Fruit Ninja HD – Beware: install this game and you’ll find yourself immersed in a hypnotic daze as you slash endless pieces of fruit, trying to rack up a new high score. Three modes; Classic, Arcade and Zen, provide enough variety to keep you interested and multiplayer games can be played online or by two players on the same iPad.
Angry Birds HD – It’s taken the world by storm this year and Angry Birds for iPad is just as good as on any other platform. The extra screen space provides a little more room to perfect your aim as you skillfully (or not) attack those evil pigs with waves of agitated avians.
Flight Control HD – Another game to make the leap from the iPhone to Apple’s tablet, Flight Control HD sees you guiding planes into land with your finger. With multiple planes, helicopters, runways and helipads, it all gets very frantic very quickly. With a larger screen and higher resolution than the iPad version, there’s a lot more to keep your eye on here. It can be frustrating, but you’ll probably find yourself coming back for ‘Just one more go’.

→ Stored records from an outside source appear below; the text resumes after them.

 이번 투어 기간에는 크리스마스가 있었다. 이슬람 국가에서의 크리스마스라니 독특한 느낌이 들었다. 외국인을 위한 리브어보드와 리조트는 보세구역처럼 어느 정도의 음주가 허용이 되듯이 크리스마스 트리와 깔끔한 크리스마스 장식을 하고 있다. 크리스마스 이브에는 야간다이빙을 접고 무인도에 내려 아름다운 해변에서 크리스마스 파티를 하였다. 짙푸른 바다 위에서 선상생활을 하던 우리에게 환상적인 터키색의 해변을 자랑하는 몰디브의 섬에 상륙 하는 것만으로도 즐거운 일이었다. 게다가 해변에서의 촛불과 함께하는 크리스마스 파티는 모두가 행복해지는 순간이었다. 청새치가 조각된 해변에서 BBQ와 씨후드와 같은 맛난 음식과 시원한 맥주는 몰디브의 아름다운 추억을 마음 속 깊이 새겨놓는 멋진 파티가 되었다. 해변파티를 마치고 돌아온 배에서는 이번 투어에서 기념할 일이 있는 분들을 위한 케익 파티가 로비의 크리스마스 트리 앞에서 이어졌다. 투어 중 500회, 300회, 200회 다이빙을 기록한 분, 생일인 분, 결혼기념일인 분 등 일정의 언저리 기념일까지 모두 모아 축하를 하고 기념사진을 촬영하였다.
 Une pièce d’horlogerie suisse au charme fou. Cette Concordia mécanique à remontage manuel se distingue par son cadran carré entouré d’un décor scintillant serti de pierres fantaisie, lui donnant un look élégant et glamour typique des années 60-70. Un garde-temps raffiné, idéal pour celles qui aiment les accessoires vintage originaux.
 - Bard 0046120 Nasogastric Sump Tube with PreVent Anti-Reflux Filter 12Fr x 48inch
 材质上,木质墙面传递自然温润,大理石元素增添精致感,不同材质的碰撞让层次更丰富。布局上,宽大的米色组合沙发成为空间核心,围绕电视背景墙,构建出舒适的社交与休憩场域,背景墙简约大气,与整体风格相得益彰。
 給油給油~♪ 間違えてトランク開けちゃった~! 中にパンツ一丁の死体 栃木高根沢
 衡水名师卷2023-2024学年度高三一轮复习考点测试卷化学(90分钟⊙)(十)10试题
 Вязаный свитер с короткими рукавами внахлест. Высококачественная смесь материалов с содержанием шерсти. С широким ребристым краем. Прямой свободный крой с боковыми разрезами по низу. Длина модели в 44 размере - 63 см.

Scrabble for iPad – If you and your friends have two or more iPhones amongst you, Scrabble for iPad is a novel experience. With the iPad as your gameboard, the iPhones become your tile racks and you can ‘fling’ letters onto the board when it’s your turn to create a word. You can still play with just the iPad, but the wireless iPhone linkup makes this a digital take on the traditional family boardgame.
Real Racing HD – One of the first games to land on the iPad that really showed its potential as an advanced gaming platform, Real Racing HD sports impressively smooth and detailed 3D graphics and a ‘Turn your iPad to steer’ control system. With all that physical steering movement, you probably wouldn’t want to get involved in a game while out in public but it’s an exhilarating ride for sure.